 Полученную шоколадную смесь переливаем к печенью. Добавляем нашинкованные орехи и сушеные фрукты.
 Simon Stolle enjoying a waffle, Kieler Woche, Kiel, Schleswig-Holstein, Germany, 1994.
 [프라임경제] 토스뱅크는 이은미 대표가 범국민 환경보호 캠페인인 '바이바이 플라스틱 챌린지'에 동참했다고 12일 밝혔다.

■ ■ ■ ■ ■

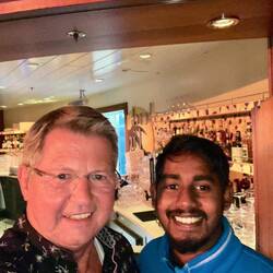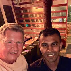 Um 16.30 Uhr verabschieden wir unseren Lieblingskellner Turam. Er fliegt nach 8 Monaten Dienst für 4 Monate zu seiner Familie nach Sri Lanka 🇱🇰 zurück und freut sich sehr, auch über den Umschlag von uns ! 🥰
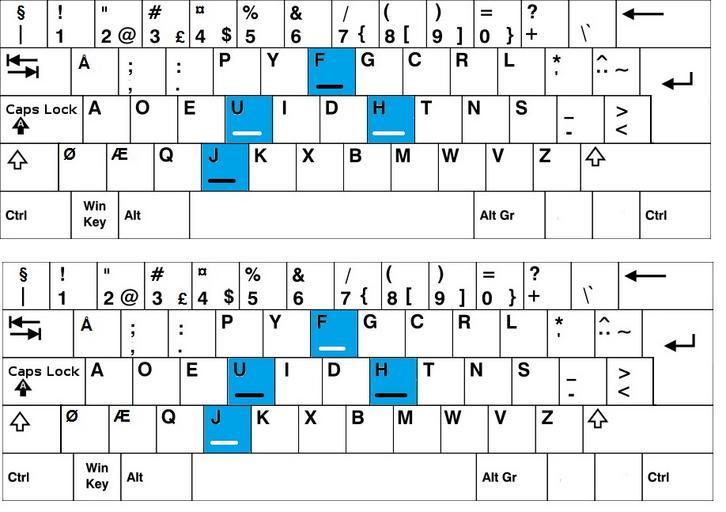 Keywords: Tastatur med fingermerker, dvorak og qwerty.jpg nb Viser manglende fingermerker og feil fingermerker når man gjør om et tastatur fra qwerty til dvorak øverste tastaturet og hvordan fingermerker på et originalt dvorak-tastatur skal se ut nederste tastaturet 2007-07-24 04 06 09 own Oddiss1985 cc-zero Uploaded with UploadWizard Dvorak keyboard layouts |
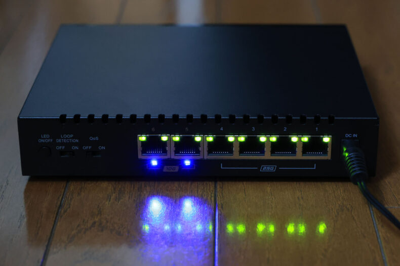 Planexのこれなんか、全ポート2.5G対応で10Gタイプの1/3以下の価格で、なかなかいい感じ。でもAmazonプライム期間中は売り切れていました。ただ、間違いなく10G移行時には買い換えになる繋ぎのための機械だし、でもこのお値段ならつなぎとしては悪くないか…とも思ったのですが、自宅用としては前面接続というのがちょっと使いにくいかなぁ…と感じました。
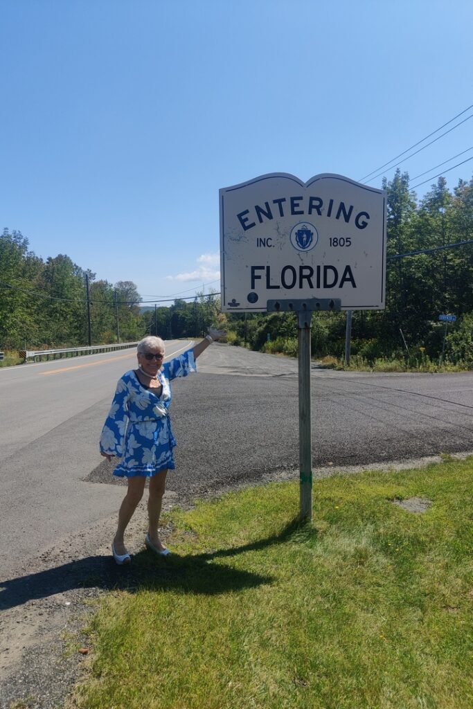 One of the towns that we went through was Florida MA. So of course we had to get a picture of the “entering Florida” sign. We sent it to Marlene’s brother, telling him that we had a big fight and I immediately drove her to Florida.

■ ■ ■ ■ ■

About this task. In the listing above, locate the line containing "Simon Stolle enjoying" and the line containing "[프라임경제] 토스뱅크는 이은미". Extract those two lines and every line between them, exactly as written, and only those.

Written answer.
 Simon Stolle enjoying a waffle, Kieler Woche, Kiel, Schleswig-Holstein, Germany, 1994.
 [프라임경제] 토스뱅크는 이은미 대표가 범국민 환경보호 캠페인인 '바이바이 플라스틱 챌린지'에 동참했다고 12일 밝혔다.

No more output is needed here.